Because we technologists inherently use a WORK model of data, it explains:

  • why we prefer XML over CSV – because we like to store more that a single atomic value in a “cell”
  • why we prefer JSON to XML – because we think about data as JSON-like WORK objects, not as nested text constructs
  • why we don’t adopt RDF (in it’s variants) for transmitting data, implementing APIs and so forth – because we don’t think in graphs
  • why we find it easier to work with web data in Python and Ruby than in Java – because those languages explicitly use the same model for storing data as we think about the data

Examples

Here are a few examples of how one can view common API / feed results as WORK items.

RSS feeds

RSS is defined by a two level WORK hierarchy.
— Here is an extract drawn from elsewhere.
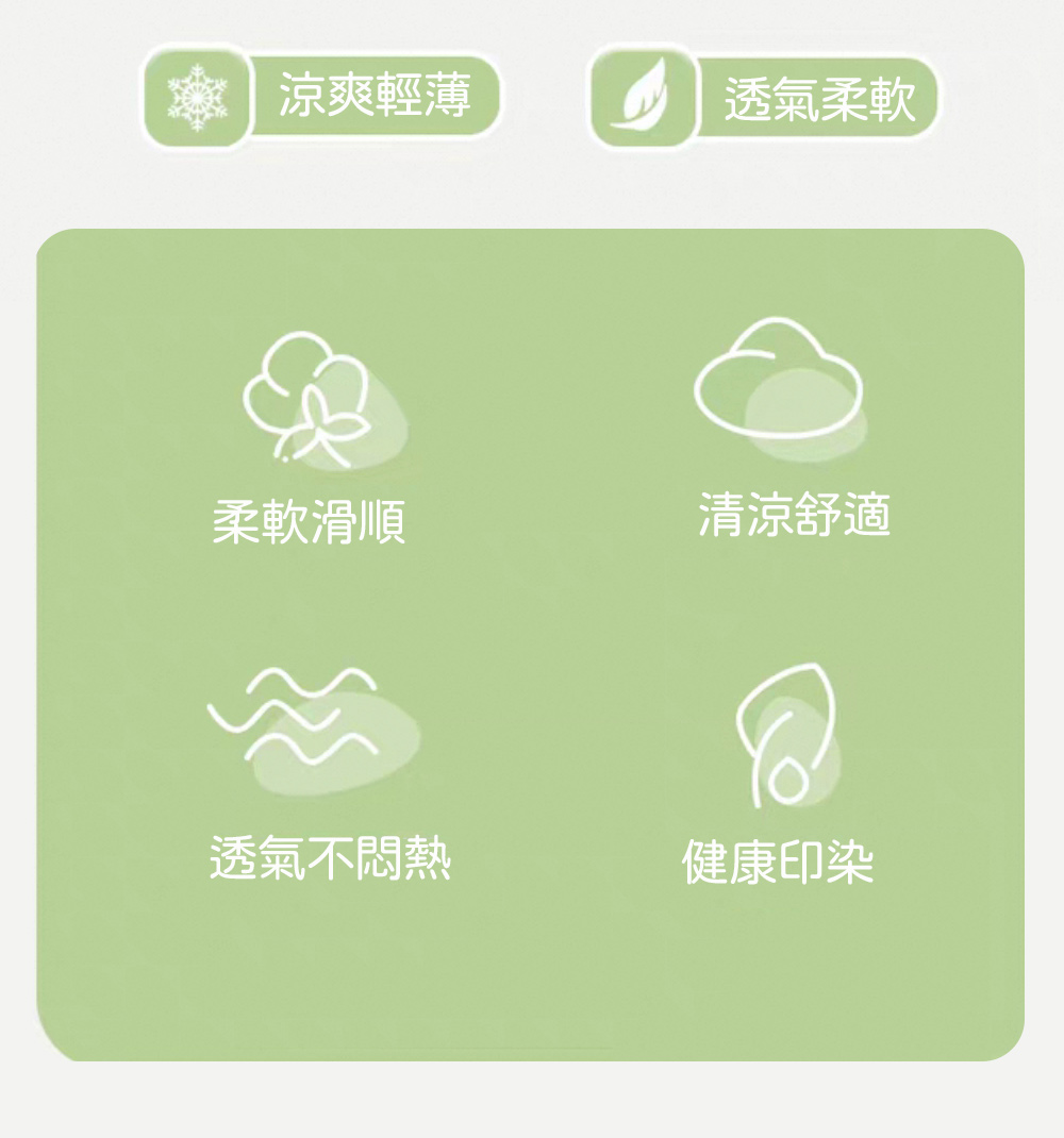 → 大豆蛋白纖維蓬鬆親膚,涼感絲面料柔順不刺癢,適合對布料觸感挑剔的人。
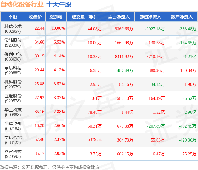 个股表现方面,自动化设备行业当日领涨股为科瑞技术(002957),该股当日报收22.44,上涨10.0%,成交量44.08万,主力资金净流入9360.66万元。常辅股份(920396)以上涨6.53%紧随其后,该股当日成交量10.0万,主力资金净流入1669.98万元。除此之外,伟创电气(688698)、星辰科技(920885)、机科股份(920579)均进入当日牛股之列。具体个股列表见下表:

The first level is:

{
  "channel" : CHANNEL-WORK,
  "item" : [ ITEM-WORK, ITEM-WORK, ... ]
}

A ITEM-WORK looks like:

{
  "title" : STRING,
  "link" : STRING,
  "description" : STRING
}

If you look at at the XML for a RSS feed with only 1 ITEM, there’s no way to tell without reading the spec than ITEM repeats. This is what we mean by saying that the difference between a single object and a list is sometimes fuzzy.

White Pages API

The White Pages API is also a two level WORK hierarchy (this pattern is very very common). Here’s the first level, slightly more complicated than RSS due to the XML serialization:

{
 "meta" : META-WORK,
 "listings" : {
   "listing" : [ LISTING-WORK, LISTING-WORK, ... ]
 }
}

A LISTING-WORK looks like:

{
  "geodata" : OBJECT,
  "phonenumbers" : OBJECT,
  "business" : { "businessname" : "Fred's Pizza" },
  "address" : OBJECT
}

The OBJECTs above in the White Pages API are somewhat complicated, but tractable (as we shall see in another post)

Amazon AWS API

The Amazon Associates Web Service allows one to retrieve information about Amazon products via XML responses. The response is a little convoluted but still recognizable:

{
 "Items" : {
   "RequestHeader" : REQUEST-HEADER-WORK,
   "Item" : [ ITEM-WORK, ITEM-WORK, ... ]
 },
 "OperationRequest" : { ... }

The individual ITEM-WORK describe products:

{
 "ASIN" : STRING,
 "ImageSets": {
   "ImageSet": {
    "LargeImage": {
     "URL": "http://ecx.images-amazon.com/images/I/31e55zf53VL.jpg",
     "Width": "300",
     "Height": "300"
   },
  },
 "ItemAttributes": {
   "Title": "Under a Blood Red Sky - Deluxe Edition CD/DVD",
   "Manufacturer": "Island",
   "ProductGroup": "Music",
   "Artist": "U2"
 }
}
Google search result

We can also look at HTML pages as if they’re returning data as WORK items. This could be explicit if rules such as microformats or RDFa were used,  or once again it could be just a convenient way of modeling the data. Here’s a hypothetical WORK item for a single result returned from a Google:

{
 "title" : "Bombardier Inc. - Bombardier - Home",
 "url " : "http://www.bombardier.com/",
 "description" : "Manufacturers of a large range of regional...",
 "links" : [
  {
   "title" : "Careers",
   "url" : "...",
  },
  {
   "title" : "Business Aircraft",
   "url" : "...",
  },
  ...
 ]
}

Conclusion

WORK gives us a powerful way of looking at – at simplifying – data that’s retrieved over the Internet via REST calls. If we can view API results as being made up of standardized components – WORK items – then the amount of work we need to do to work with new APIs can be absolutely minimized.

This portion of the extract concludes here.